Problem statement:
Write out exactly the lines from the one containing "tiang listrik PlN tertimpa kayu" to the end of the material, both ends included, and nothing else. Leave pictures out.

Supplied records:
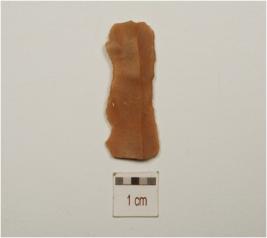 | Description / विवरण | A chert blade with double ridge on dorsal and trapezoidal cross section with use marks on cutting edge. |
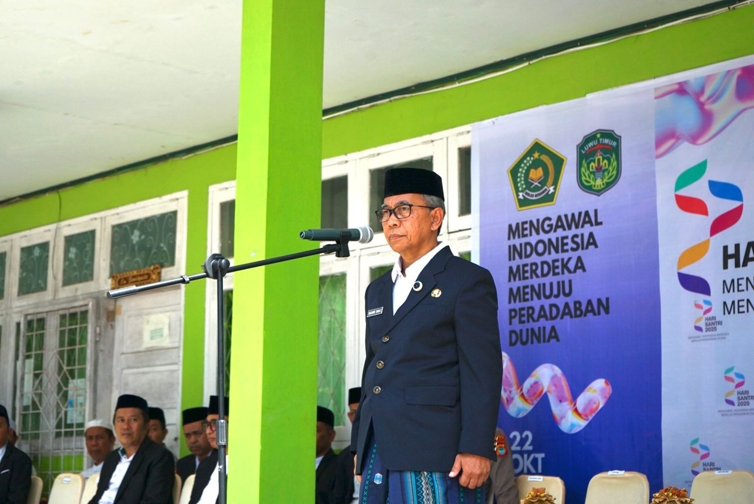 Luwu Timur, bilikf4kt@.id– Sekretaris Daerah (Sekda) Luwu Timur, H. Bahri Suli memimpin Apel Peringatan Hari Santri Nasional (HSN) dengan tema “Mengawal Indonesia Merdeka Menuju Peradaban Dunia” yang berlangsung di Halaman Kantor Kementerian Agama Lutim, Rabu (22/10/2025).
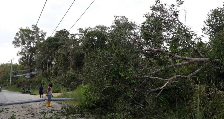 tiang listrik PlN tertimpa kayu
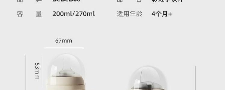 商品名称:BeBeBus 彩虹学饮杯 鸭嘴杯+吸嘴 200ml 6-12个月(新款)
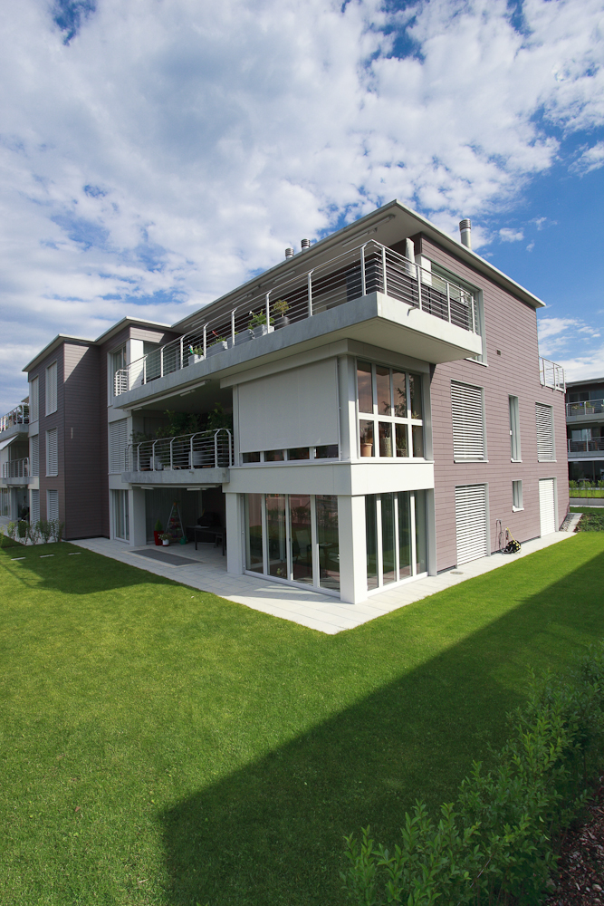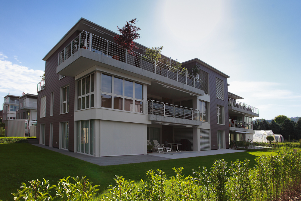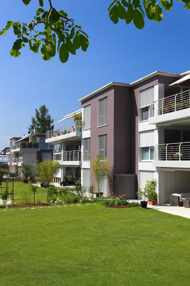 Projekt: Neubau von sieben Mehrfamilienhäusern mit 44 Eigentumswohnungen (wovon 14 Attikawohnungen sind), zentrale Unterniveaugarage mit 88 Plätzen, Wärmepumpenheizung (Seewassernutzung) mit EKZ-Contracting, kontrollierte Komfortlüftung, Minergie zertifiziert

Expected answer:
 tiang listrik PlN tertimpa kayu
 商品名称:BeBeBus 彩虹学饮杯 鸭嘴杯+吸嘴 200ml 6-12个月(新款)
 Projekt: Neubau von sieben Mehrfamilienhäusern mit 44 Eigentumswohnungen (wovon 14 Attikawohnungen sind), zentrale Unterniveaugarage mit 88 Plätzen, Wärmepumpenheizung (Seewassernutzung) mit EKZ-Contracting, kontrollierte Komfortlüftung, Minergie zertifiziert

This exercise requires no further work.